Elsevier

Journal of Systems and Software

Volume 79, Issue 9, September 2006, Pages 1261-1279
Journal of Systems and Software

Program restructuring using clustering techniques

https://doi.org/10.1016/j.jss.2006.02.037Get rights and content

Abstract

Program restructuring is a key method for improving the quality of ill-structured programs, thereby increasing the understandability and reducing the maintenance cost. It is a challenging task and a great deal of research is still ongoing. This paper presents an approach to program restructuring inside of a function based on clustering techniques with cohesion as the major concern. Clustering has been widely used to group related entities together. The approach focuses on automated support for identifying ill-structured or low-cohesive functions and providing heuristic advice in both the development and evolution phases. A new similarity measure is defined and studied intensively specifically from the function perspective. A comparative study on three different hierarchical agglomerative clustering algorithms is also conducted. The best algorithm is applied to restructuring of functions of a real industrial system. The empirical observations show that the heuristic advice provided by the approach can help software designers make better decision of why and how to restructure a program. Specific source code level software metrics are presented to demonstrate the value of the approach.

Introduction

Software evolves over time primarily due to changes in requirements and technologies. As a result, huge amount of effort is spent in maintenance and evolution. Software evolution usually accounts for more than 60% of total software costs (Sommerville, 1996). In today’s highly competitive era, software development is often driven by tight schedules. Hence, software designers often emphasize the functional aspect of a system. Even if a software product is well designed, the code is often modified over time in response to the changing needs of customers. As a consequence, its original structure gradually drifts and quality degrades. Hence, the program becomes difficult to understand. As a result, it is often costly to maintain.

Müller, et al. indicate that 50–90% of software evolution work focuses on program comprehension or understanding (Müller et al., 1995). Program understanding could be at various levels, including architecture, design, and code. At the implementation level, a large or poorly coded function usually involves multiple activities or has low functional cohesion, which makes the program difficult to understand and modify. Program restructuring (Chikofsky and Cross, 1990) or refactoring (Fowler, 1999) can transform these functions to functions that are better organized and easier to understand, without changing their behaviors. The new functions will usually be higher quality and less costly for further evolution. More importantly, a desirable restructuring should achieve high cohesion and low coupling (Briand et al., 1996, Munson, 2003, Pressman, 1997).

Cohesion, as an important measure in restructuring, is to measure how tightly related elements are in a component. The goal of clustering is to group similar or related elements together. It is possible to use clustering analysis to measure the strength of the relationship between elements in a component.

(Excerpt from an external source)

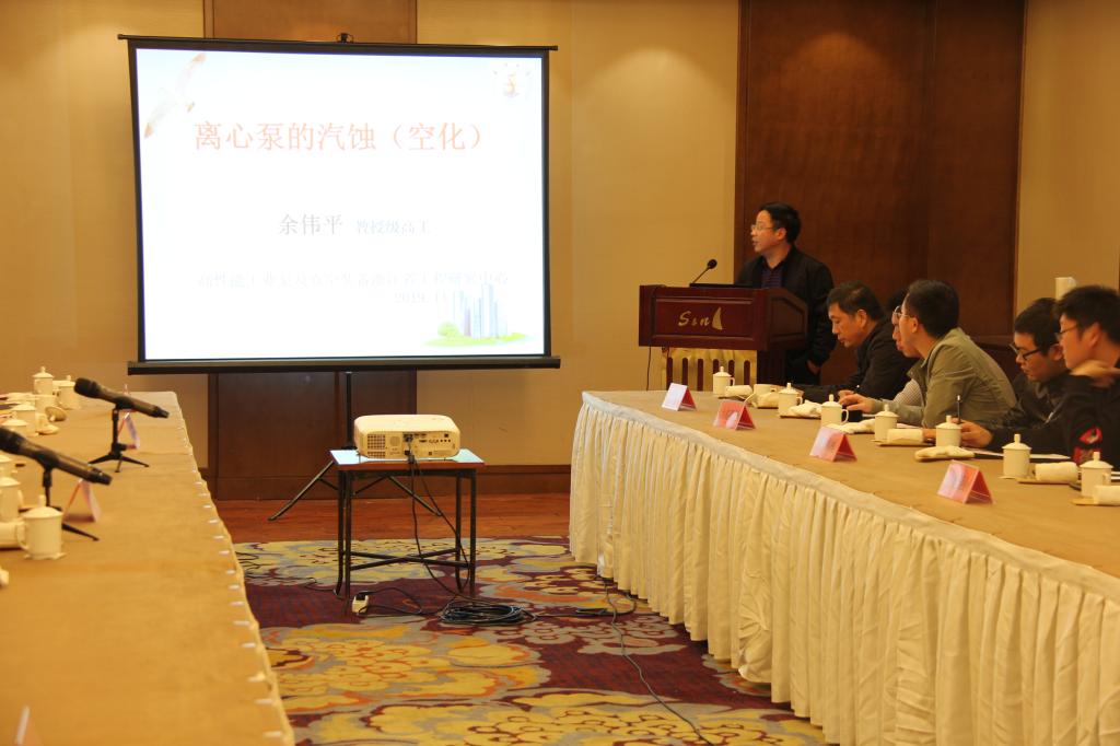 在流体机械专题学术报告会中,中心技术骨干王正初老师作了题为“CFD技术及其在离心泵设计中的应用”的报告,介绍了CFD技术的基本概念、分析过程、重要意义、优缺点等,并介绍了课题组近几年利用CFD技术进行水泵设计的四个案例,对利用CFD技术从空化、性能模拟和流场分析等角度开展300LDTN-200立式筒带泵的研发进行了详细的介绍;安世亚太科技公司技术总监俞斌根作了题为“安世亚太泵全生命周期解决方案”的报告,介绍了工业互联时代下泵全生命周期的理解,提出了安世亚太在工业泵LCC各个阶段、各个方面的解决方案,并分享了多个案例;北京海基科技公司技术总监黄艳芬作了题为“工业泵优化设计技术方案”的报告,对Cfturbo、Simeric、OASIS等软件的功能进行了介绍,并分享了三款软件在水泵设计中的详细应用案例,现场演示了部分结果。余伟平教授级高工作了题为“离心泵的汽蚀(空化)”的报告,介绍了流程泵中汽蚀(空化)研究的意义、汽蚀与泵的性能参数及边界条件的关系、汽蚀问题的解决方法和措施、高汽蚀性能工业流程泵的水力模型库、防止泵发生汽蚀稳定可靠运行的措施等内容。

Previous articles of software clustering demonstrate research potential in software clustering field (Tzerpos and Holt, 1998) and conclude that clustering methods may be a very good starting point for the remodularization of software (Wiggerts, 1997).

However, existing research on the software clustering field has mainly been concerned with software remodularization at the architecture level and has not been used in program restructuring at the source code level. Source code contains critical information regarding the behavior of a system. The understanding and manipulation of source code is a pressing issue for maintenance and evolution. This paper focuses on source code. Specifically, this paper deals with restructuring of each individual function. One challenge of restructuring at this level is how to meaningfully and effectively group related code segments together inside a large or poorly structured function to form small or cohesive functions, because it is not uncommon that unrelated fragments and functionally cohesive code segments are interleaved in real software products. In addition, the approach should be easy to understand and also effective in practice. Clustering techniques are suitable for this problem, because the objective of clustering is consistent with that of cohesion.

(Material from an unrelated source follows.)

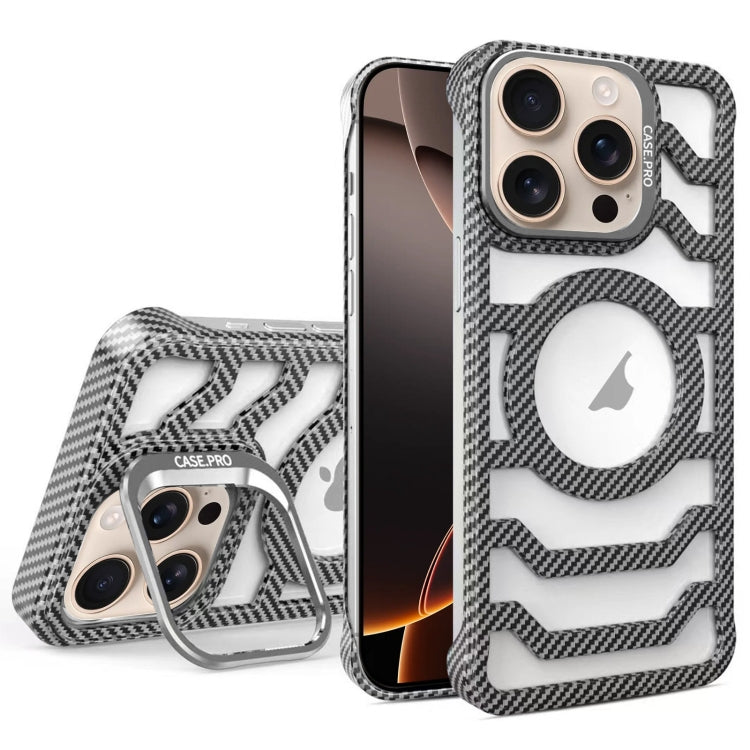 Estuche para Teléfono Magsafe con Soporte y Protección de Lente Fibra de Carbono para iPhone 16 Pro Max (Gris)

This paper presents an approach to program restructuring using clustering techniques at the function level. It focuses on using automated support for identifying low-cohesive functions and making restructuring decisions, instead of the automated restructuring process. The purpose is to help software designers identify ill-structured functions and provide them with heuristic advices. In detail, this paper discusses how to select entities and how to select attributes that are important to distinguish two different entities from the cohesion perspective. A new resemblance coefficient as a similarity measure is defined. Extensive experiments on the weights of different attributes are conducted. Three hierarchical agglomerative algorithms: single linkage algorithm (SLINK), complete linkage algorithm (CLINK) and weighted pair-group method using arithmetic averages (WPGMA1), are chosen and an intensive comparative study on them is conducted. These algorithms are highlighted as follows:

  • SLINK: also called the nearest neighbor method. It defines the similarity measure between two clusters as the maximum resemblance coefficient among all pair entities in the two clusters.

  • CLINK: also called the furthest neighbor method. It defines the similarity measure between two clusters as the minimum resemblance coefficient among all pair entities in the two clusters.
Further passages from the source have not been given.